Assume that num is the size of the original std::vector that have copied (std::copy) values from an array of size "int ar[num]." Assume that farray has the values of (0 to (num / 2)) and sarray has the values of ((num / 2) to num).
int num = original.size();
std::vector<int> final(num);
for (std::vector<int>::iterator it = farray.begin(); it != farray.end(); ++it) {
for (std::vector<int>::iterator iter = sarray.begin(); iter != sarray.end(); ++iter) {
if (*it > *iter) final.push_back(*it);
else
final.push_back(*iter);
}
}
This code compiles and my latest stable build of Bloodshed Dev-C++ does not throw any warnings or errors. I don't know if this is valid, I still need to try and cout all the values of final. I just want to know if this is common, prone to errors, or just bad style. And, if so, how you would
It's valid... but a for loop probably isn't what you want. When you use two for loops, your inner loop keeps going back to the start every time the outer loop loops. So if your vectors contain:
farray: 10 9 8 4 3
sarray: 7 6 4 3 1
Then your final array will contain something like:
10 10 10 10 10 9 9 9 9 9 8 8 8 8 8 7 6 4 4 4 7 6 4 3 3
because you are testing every single combination, and adding the larger one to the final list. A better solution might be to remember an iterator for each list, and just use one loop. Rather than looping over a list, just go through both of them together - if sarray has the larger number, then increment your sarray iterator, and compare that with the old farray iterator. Stop your loop when both sarray and farray are empty.
vector<int> fiter = farray.begin();
vector<int> siter = sarray.begin();
vector<int> final;
// Let's traverse both farray and sarray.
// We'll want to stop this loop once we've traversed both lists.
while (fiter != farray.end() && siter != sarray.end())
{
if (fiter == farray.end())
{
// we must have gone right through farray -
// so use the value from sarray, and go to the next one
final.push_back(*siter);
siter++;
}
else if (siter == sarray.end())
{
// we must have gone right through sarray -
// so use the value from farray, and go to the next one
final.push_back(*fiter);
fiter++;
}
else if (*siter > *fiter)
{
// siter is the bigger of the two - add it to the final list, and
// go to the next sarray entry
final.push_back(*siter);
siter++;
}
else // *fiter >= *siter
{
// fiter is the bigger of the two - add it to the final list, and
// go to the next farray entry
final.push_back(*fiter);
fiter++;
}
}
I haven't tested it - and if this is for homework, then please try to understand what I've done, go away and write it yourself, rather than copy+paste.
Merge sort algorithm aside, nested for loop with iterator's is just as valid as nested for loops with two variables i and j.

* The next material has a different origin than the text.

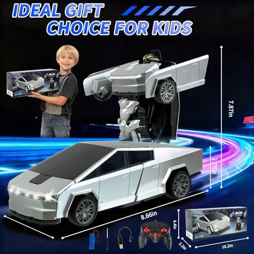 【Durable, Kid-Safe & Rechargeable Design】Made from premium, non-toxic ABS material, this RC transformer toy is tough enough to handle bumps and drops. The sturdy body and anti-fall design ensure long-lasting fun. Includes a rechargeable 3.7V battery for extended playtime (remote requires 2×AA batteries, not included).
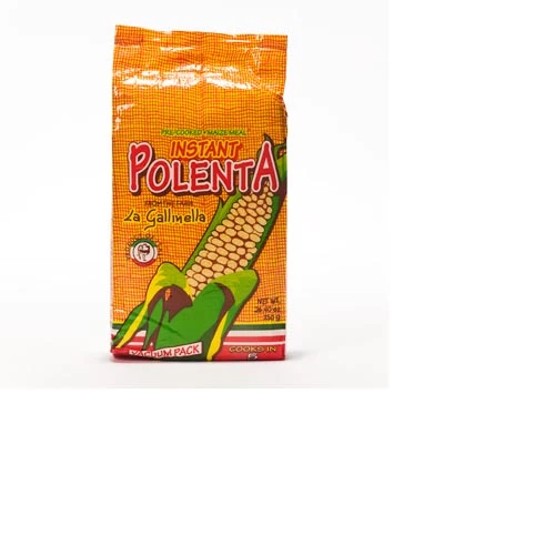 La Gallinella’s Instant Polenta is a finely ground cornmeal which can be made into a creamy, hearty side dish in a matter of minutes! Stir in butter and grated parmesan, or even gorgonzola, into the hot polenta and serve as a base to any stewed, braised or roasted meat or poultry. For an even creamier polenta, one you can eat for breakfast, you should add some heavy cream towards the end of cooking, then garnish with honey, toasted almonds, fresh berries or jams. Or, simply pour the hot polenta into a sheet tray, cool, then cut into squares. Fry until brown and crispy, or bake/grill and top with caramelized onions, sauteed mushrooms and melted fontina cheese.

You can nest loops of any kind (for, while, do while) as long as you don't reuse the loop variables. If you would try that it would compile but may fail miserably during runtime. Although technically allowed to use the same name for nested loop variables in modern C and C++ it is confusing and should be avoided.
It's no more or less prone to errors than a single loop except for the already mentioned problem with the reuse of loop variables.
Read more about the limits of nested loops.
Nesting for loops is a totally legit way to do things. For example, it's the classic "old school" way to traverse a 2D array - one loop goes down the y axis, and the other loop goes down the x axis.
Nowadays, with those kids and their for each loops and iterators and mapping functions there are arguably "better" ways to do it, (for some definition of better) but nesting loops works just fine. Using C++ or pointers doesn't change that.
Yes, you can do this. And yes, it is often prone to errors. In fact, writing loops is itself prone to errors, which is one argument to use the algorithms in the STL like for_each, copy and transform.
Yes, you can nest loops, or other statements, to pretty much whatever depth you want (within reason; there are limits, as mentioned in another answer, but they're way above what you should ever need).